STEP 2. Create coverage matrix
Traceback (most recent call last):
File “/home/bcampbell/anaconda3/envs/panphlan/bin/panphlan_profiling.py”, line 948, in
main()
File “/home/bcampbell/anaconda3/envs/panphlan/bin/panphlan_profiling.py”, line 880, in main
dna_samples_covs = read_map_results(args.i_dna, args.verbose)
File “/home/bcampbell/anaconda3/envs/panphlan/bin/panphlan_profiling.py”, line 314, in read_map_results
dna_samples_covs[dna_sample_id] = read_gene_cov_file(dna_covs_file)
File “/home/bcampbell/anaconda3/envs/panphlan/bin/panphlan_profiling.py”, line 290, in read_gene_cov_file
f = open(input_file, mode=‘rt’)
FileNotFoundError: [Errno 2] No such file or directory: ‘DXB72_08775\t721’

I think it might be a problem with something we downloaded or need to download but not sure what it might be.

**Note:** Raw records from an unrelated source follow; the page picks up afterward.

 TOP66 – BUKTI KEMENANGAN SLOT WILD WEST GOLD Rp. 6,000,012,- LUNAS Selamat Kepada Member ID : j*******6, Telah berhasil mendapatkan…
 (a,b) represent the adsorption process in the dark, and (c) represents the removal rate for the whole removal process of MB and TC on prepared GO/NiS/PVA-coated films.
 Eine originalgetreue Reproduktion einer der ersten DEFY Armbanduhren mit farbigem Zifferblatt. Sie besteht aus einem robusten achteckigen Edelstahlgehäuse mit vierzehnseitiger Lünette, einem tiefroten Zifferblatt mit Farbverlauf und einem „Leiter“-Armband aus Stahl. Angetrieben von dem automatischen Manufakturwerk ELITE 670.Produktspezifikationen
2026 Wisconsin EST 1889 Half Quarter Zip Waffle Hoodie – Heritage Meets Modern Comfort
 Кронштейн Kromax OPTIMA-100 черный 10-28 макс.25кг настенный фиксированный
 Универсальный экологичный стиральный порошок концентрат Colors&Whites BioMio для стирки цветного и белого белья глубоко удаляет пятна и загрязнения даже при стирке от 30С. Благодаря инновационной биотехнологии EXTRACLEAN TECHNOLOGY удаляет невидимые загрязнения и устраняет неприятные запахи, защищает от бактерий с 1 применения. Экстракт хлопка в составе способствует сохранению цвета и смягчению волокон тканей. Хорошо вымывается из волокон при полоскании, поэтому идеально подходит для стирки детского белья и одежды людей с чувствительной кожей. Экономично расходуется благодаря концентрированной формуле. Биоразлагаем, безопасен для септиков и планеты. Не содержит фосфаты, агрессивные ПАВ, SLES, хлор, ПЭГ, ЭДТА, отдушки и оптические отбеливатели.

Also, do you know why some samples would work for the mapping step and others don’t. I have some samples that go super fast during the mapping process (almost the same file size as the others) and the output is 0.

Thank you for your help!!
Nichole

Hi,

it looks like PanPhlAn cannot find the result files from the mapping step. Are you sure you specified the right path ?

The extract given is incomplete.